YOUR OBJECTIVE
In the data below, the copy begins at the line containing "多电子原子的核外电子排布总是" and runs through the last line; repeat those lines exactly, minus the pictures.

··· DATA SHOWN ···

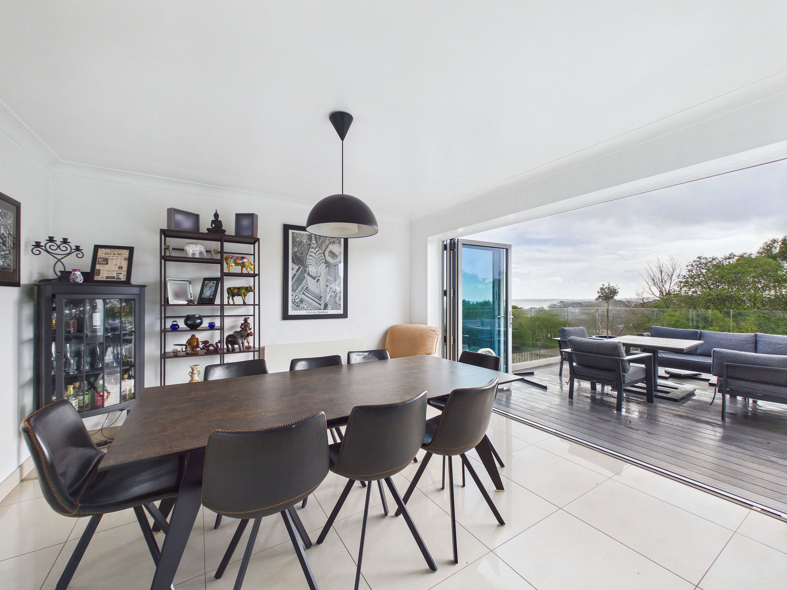 DINING ROOM A wonderfully spacious dining area designed for modern living and entertaining, comfortably accommodating an 8/10 seater table. An archway connects back to the kitchen, while glazed sliding doors open into the living room, enhancing the sense of space and flow. Aluminium double glazed bi-fold doors open directly onto the sun deck, where breathtaking sea views stretch across Paignton and towards Berry Head.
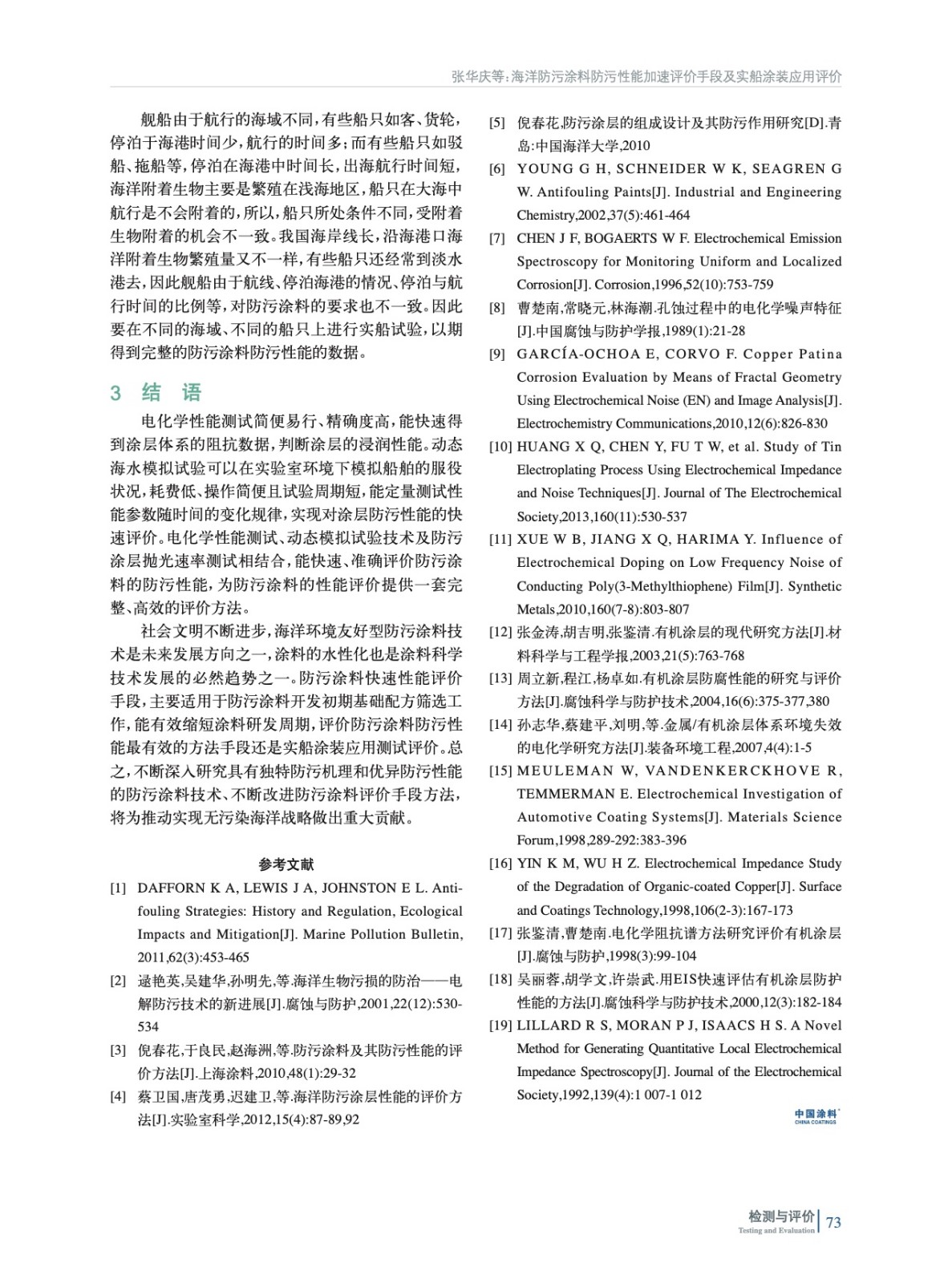 摘要:從防污劑釋放率、淺海掛板、動態模擬實驗、防污涂層拋光速率、涂層的電化學性能測試5個方面介紹了海洋防污涂料開發過程中實驗室常用的幾種防污性能加速評價方法手段,并說明了實船涂裝應用評價對防污涂料研發的重要性,展望了防污涂料的發展前景。
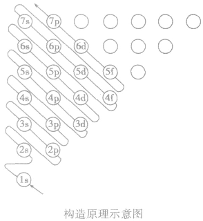 多电子原子的核外电子排布总是按照能量最低原理,由低能级逐步填充到高能级。绝大多数元素的原子核外电子的排布遵循下图所示的排布顺序,这种排布顺序被称为构造原理。
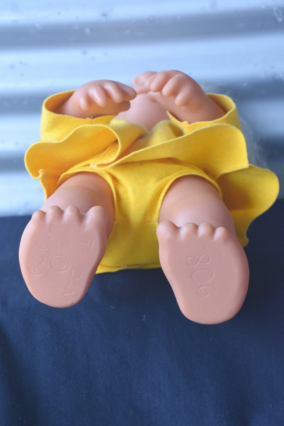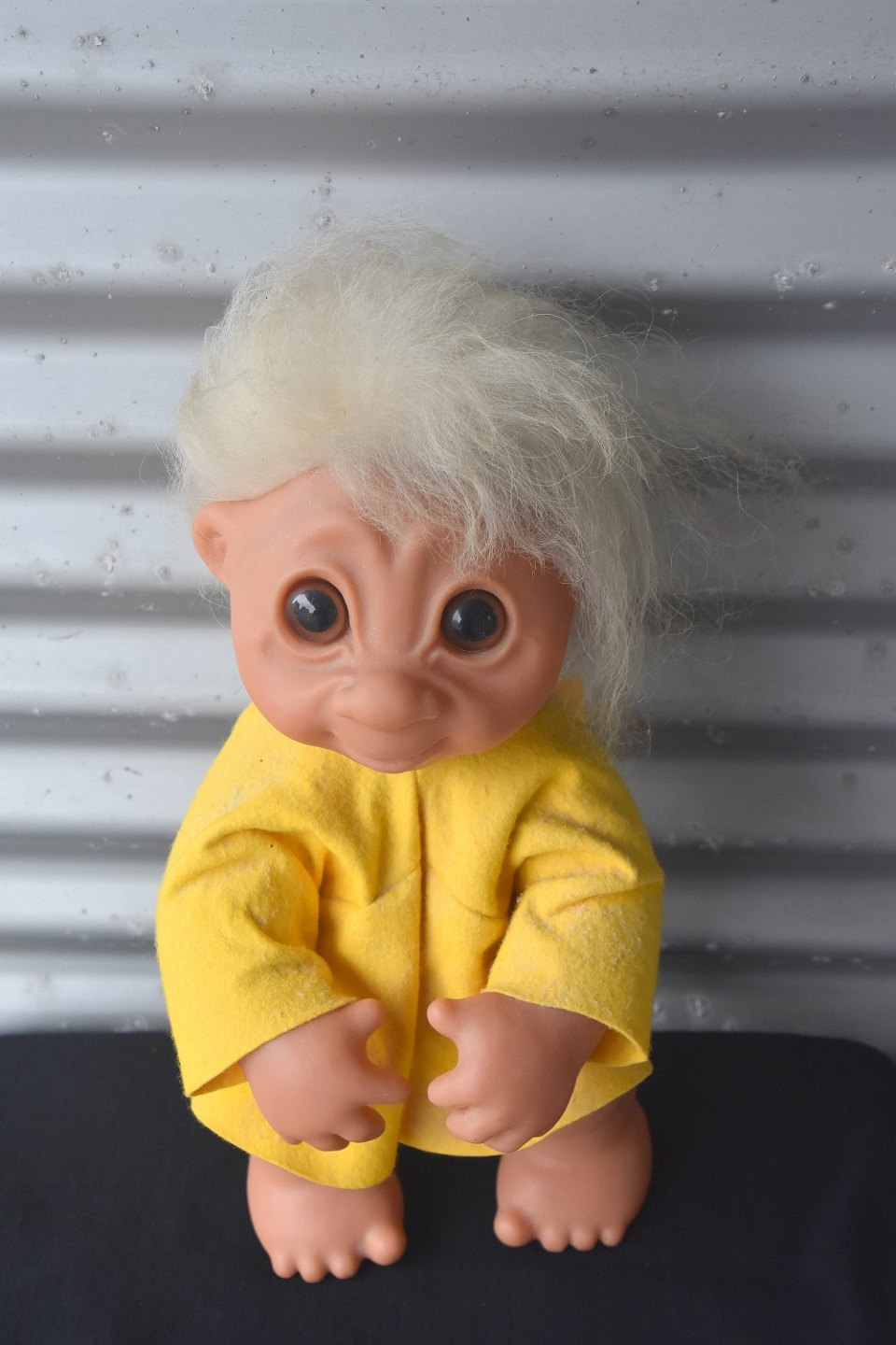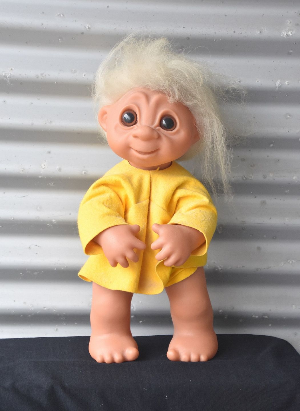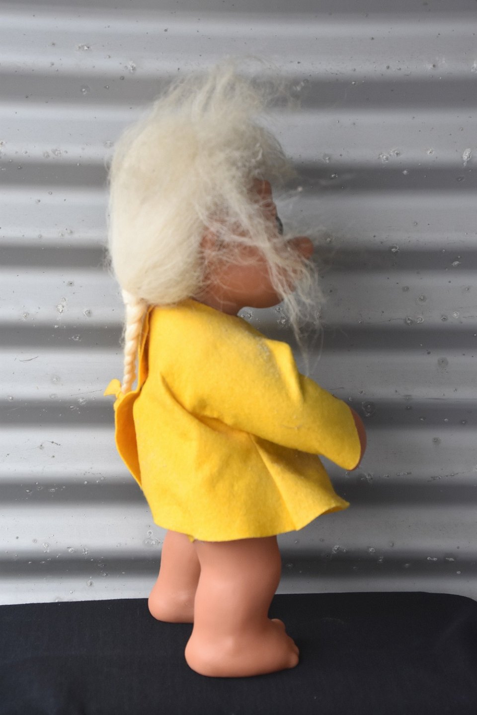 Thomas Dam, Gjøl Trold, Dam Trold (806). Pige trold med hvidt hår og fletning, gul filt kjole og gule filt bukser

···

YOUR SOLUTION
 多电子原子的核外电子排布总是按照能量最低原理,由低能级逐步填充到高能级。绝大多数元素的原子核外电子的排布遵循下图所示的排布顺序,这种排布顺序被称为构造原理。
 Thomas Dam, Gjøl Trold, Dam Trold (806). Pige trold med hvidt hår og fletning, gul filt kjole og gule filt bukser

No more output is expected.